This article by columnist Robert McCartney highlights the results of a major regional conference on the Metro DC economy held last week and a just released study by MWCOG on our aging infrastructure. We present some of the key points below, but strongly recommend that you
read it in its entirety here:
A pair of loud alarm bells sounded last week for the Washington
area’s economy, and political leaders from Richmond to Annapolis should
take them seriously.
The warning of immediate concern came Thursday at an annual conference
of 750 business and civic leaders in McLean. Economics mavens led by
George Mason University professor Steve Fuller presented eye-opening
data showing that our region has trailed almost every other major U.S.

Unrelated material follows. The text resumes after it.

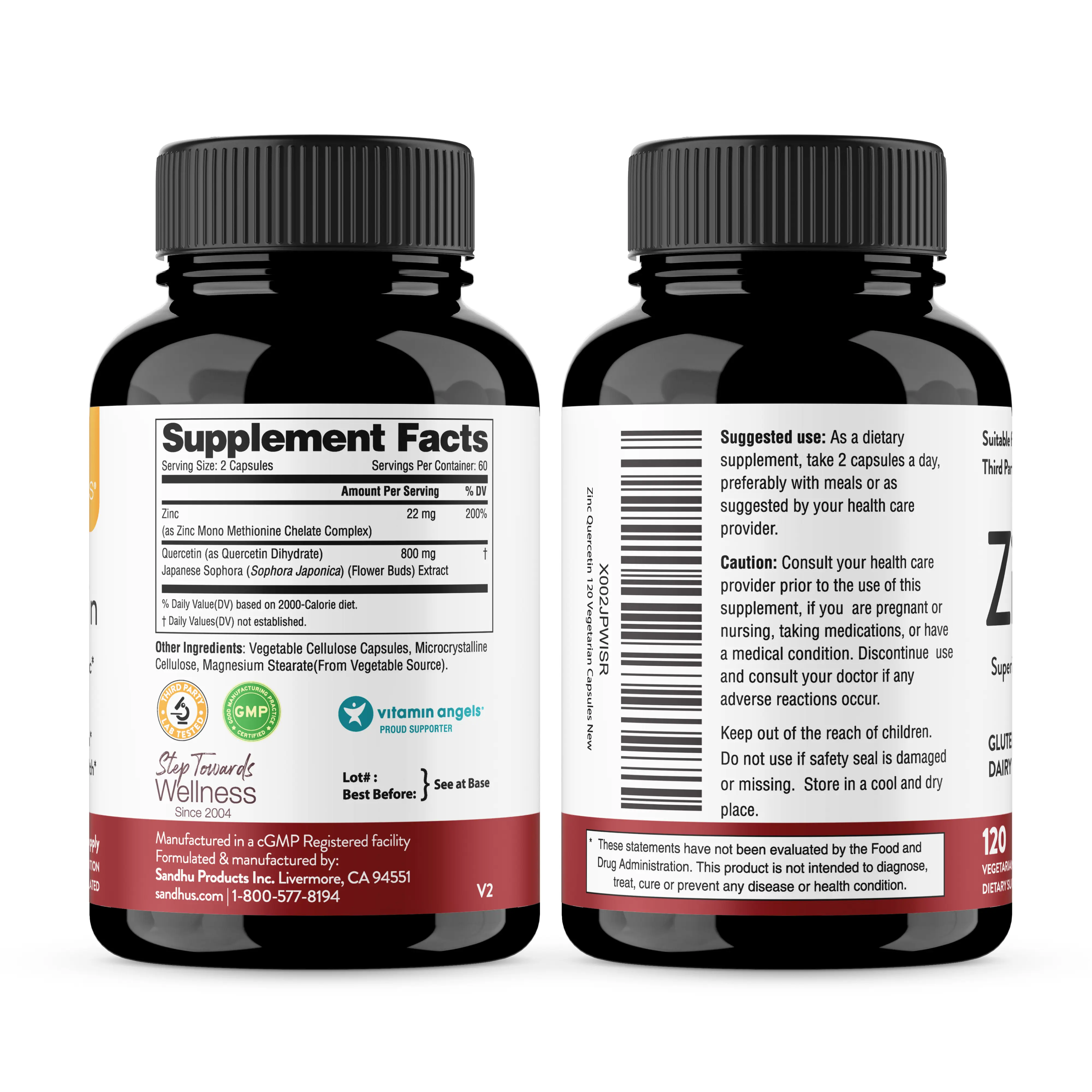5. 【Sandhus】Zinc Quercetin 120 Vegetarian Capsules, Gluten Free, Soy Free, Dairy Free Healthcare Dietary Supplement Fitness

metropolitan area in job growth for the past three years. . .
“You’ve got all these shiny new restaurants . . . and
therefore everybody thinks everything’s great,” said David Oberting,
executive director of Economic Growth DC, a non-profit organization.
“They just don’t see the underlying weaknesses.”
Cutbacks in federal spending are
largely to blame, of course, and they can’t be helped. But it’s
worrisome that no other business sectors have emerged to replace Uncle
Sam as the region’s engine of growth.
The region’s top politicians ought to heed calls at the conference for a Washington-area summit to take steps to respond. . .
The other alarm, of a long-term nature, was rung in a study approved Wednesday by the Metropolitan Washington Council of Governments. It showed how much the region is falling short in investing in infrastructure such as roads, bridges, sewers and the electrical grid.
The staggering figure, considered a conservative estimate: $58 billion over the next 15 years.
That’s
how much we need just to “maintain” what government planners view as
“critical” building blocks of the regional economy. The cost per
resident would be more than $10,000 in extra taxes, user fees, tolls or
other charges.
Again, evidence of trouble is all around us. . .
This shortfall in infrastructure spending is hardly unique to our region. The whole country is facing it.
Nonetheless, it’s striking that the report is so much at odds with current budgetary and political realities. . . .
This is not a fun read, but everyone should take this article and the two recent events to heart and begin thinking about and doing whatever we can to reverse the situation. Nothing could be worse than not to have the economic growth we need to address the huge shortcomings in our infrastructure. Both need to be fixed now.